See Search for query syntax and filtering options.

Configuration

Generate an API token in the Gaston app under Settings -> API. Full endpoint documentation is available at https://www.gaston.live/en/api.

The token can be supplied directly or via an environment variable:

Argument Environment variable Default
token GASTON_API_TOKEN (required)
# Uses GASTON_API_TOKEN from the environment
with GastonClient() as client:
    ...

Timeouts

Ordinary requests use a 30s timeout.

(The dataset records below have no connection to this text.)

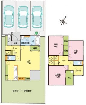 | 設備 | 温水洗浄便座、トイレ2ヶ所、追焚機能、浴室乾燥機、システムキッチン、IHクッキングヒーター、浄水器、食器洗浄乾燥機、ウォークインクローゼット、床下収納、洗髪洗面化粧台、照明器具、電気、上水道、下水道、複層ガラス、エアコン、インターネット、モニタ付インターホン、駐車場3台分 | ||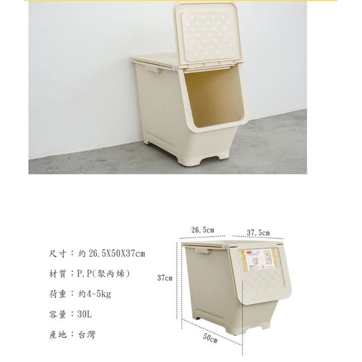 dayneeds可堆疊直取式收納箱(30L四入)米盧斯塑膠箱 整理箱 堆疊箱 掀蓋箱 衣物箱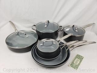 Lot #0214: 7 Green Pan Non-Stick Ceramic Cookware w/4 Lids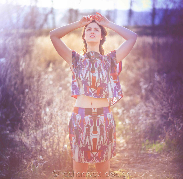 sukně a top z hedvábného saténu s autorským potiskem ashaadox design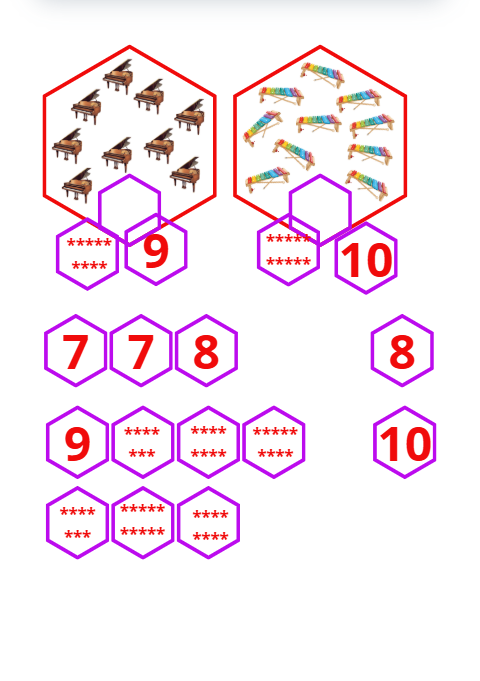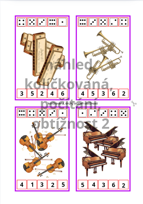 - kolíčkovaná ve 2 stupních obtížnosti (označování počtu puntíků nebo číslic; překrývání obrázků)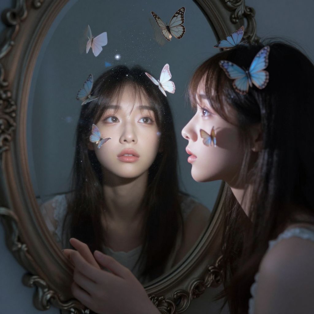 Photograph of an East Asian woman with long black hair, fair skin, and delicate features, gazing into an ornate oval mirror. She wears a white sleeveless top and has blue butterflies with glowing accents on her head and in the mirror's reflection. The mirror, with a vintage gold frame, captures her introspective expression. The background is dark blue, creating a mystical, ethereal atmosphere with soft, moody lighting highlighting her face and the butterflies. Her hand gently holds the mirror's edge, adding a sense of gentle curiosity and introspection.

The file upload in transcribe can take minutes for large files, so it uses a separate, more generous upload_timeout (default (10s connect, 600s read)).

A timeout may be a single float, a (connect, read) tuple, or None to wait indefinitely.

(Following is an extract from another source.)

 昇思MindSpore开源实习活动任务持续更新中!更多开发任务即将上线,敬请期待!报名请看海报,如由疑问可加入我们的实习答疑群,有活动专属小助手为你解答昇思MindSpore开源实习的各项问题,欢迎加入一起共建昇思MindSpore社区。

# Customise the defaults for all calls
client = GastonClient(
    token="gapi-...",
    timeout=30,
    upload_timeout=(10, 1800),   # allow up to 30 min to upload large files
)

# Or override per call (e.g. no read timeout for a very large file)
client.transcribe("huge-recording.mp4", timeout=(10, None))

Directories

folder = client.create_directory("Podcasts")
client.update_directory(folder.id, title="Podcast archive")
client.move_media(media_id="me...", dir_id=folder.id)
tree = client.directory_tree()
client.delete_directory(folder.id)

Search

client.search(query, from_=0, max_=50, dir_ids=None, lang=None) runs a full-text search over every sentence in your transcribed media.

Query syntax

The query supports a subset of the Lucene query_string syntax:

Feature Example Notes
Boolean AND cats AND dogs both terms must appear
Boolean OR cats OR dogs either term
Boolean NOT cats NOT dogs exclude a term
Grouping (cats OR dogs) AND vet combine operators with parentheses
Exact phrase "climate change" quoted terms match as a phrase
Trailing wildcard transcri* matches transcribe, transcription...

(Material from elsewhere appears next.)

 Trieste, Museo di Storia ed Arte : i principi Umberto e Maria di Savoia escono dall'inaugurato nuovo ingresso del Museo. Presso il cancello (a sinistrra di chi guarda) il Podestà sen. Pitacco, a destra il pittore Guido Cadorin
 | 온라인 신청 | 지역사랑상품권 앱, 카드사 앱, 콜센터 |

Leading wildcards (*tion), field selectors, fuzzy (~), boosts (^) and ranges are not supported and are stripped server-side. Queries must be at least 3 characters.

results = client.search('(invoice OR receipt) AND "due date" NOT draft')

Filtering and pagination

# Search within a single directory
client.search("budget", dir_ids=[42])

# Search across several directories
client.search("budget", dir_ids=[42, 43, 7])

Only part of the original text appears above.